We are all different and because of that, we all see the world in our own unique way as we delete, distort and generalise what we take in based on our cognitive biases. Yet in many ways we are predictable and because of this we can break down people and groups of people into types. This can be very useful when we are looking to market or communicate an idea or we are looking to bring about change.
There are many psychometric, biopsychosocial, psychographic and neurolinguistic categorisation systems out in the world and they can be confusing. But they can all have their merits and be useful when we are designing behavioural communication and marketing strategies to have the most impact.

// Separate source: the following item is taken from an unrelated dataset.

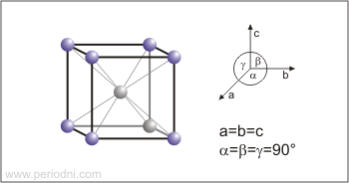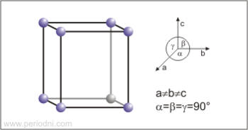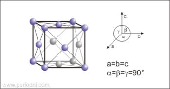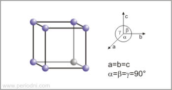 La maille élémentaire (ou solide primitif) du réseau cubique est un cube. Les trois axes cristallins (a, b, c) sont de longueur égale et les angles qu'ils forment entre eux sont tous égaux à 90°. Les éléments caractéristiques de symétrie sont les axes ternaires, toujours au nombre de 4 (4A3).

Over the coming weeks, we will be looking at variations of these with the aim of, towards the end of this series of articles, distilling them down into useful, usable tools for profiling and developing personas within your strategic communications plan.

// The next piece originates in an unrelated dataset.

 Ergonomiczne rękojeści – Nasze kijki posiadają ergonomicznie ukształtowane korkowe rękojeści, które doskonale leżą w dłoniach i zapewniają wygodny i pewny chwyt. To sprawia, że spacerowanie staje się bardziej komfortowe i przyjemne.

But do people want to change?
Of course as the old saying goes “you can lead a horse to water but you can’t make them drink” and its true that you may manage to get your message in front of your target audience but if they do not want to change it is going to be an uphill battle. This is why we are encouraging you to design detailed and integrated personas for your target audience. This way we can then show you how you use this information to create compelling arguments that are more likely to persuade them or trigger them to make or affect behavioural personal or social change.
Value the change you make
Peoples value maps are different. In order to affect change, we need to understand the value systems that people are working to and not assume that their values are the same as ours.
Our values are tied into and are a driving force of, our beliefs and our values and beliefs will affect our behaviours.
If we want to affect behavioural change on an individual or social level we need to understand and affect change within a persons or social groups values and beliefs. As these are core foundations of their identity we need to tread carefully. But over time we can learn to skilfully address social and behavioural change by understanding a persons world view, their maps of reality and linguistic structure of limiting or negative belief and appeal to their value systems.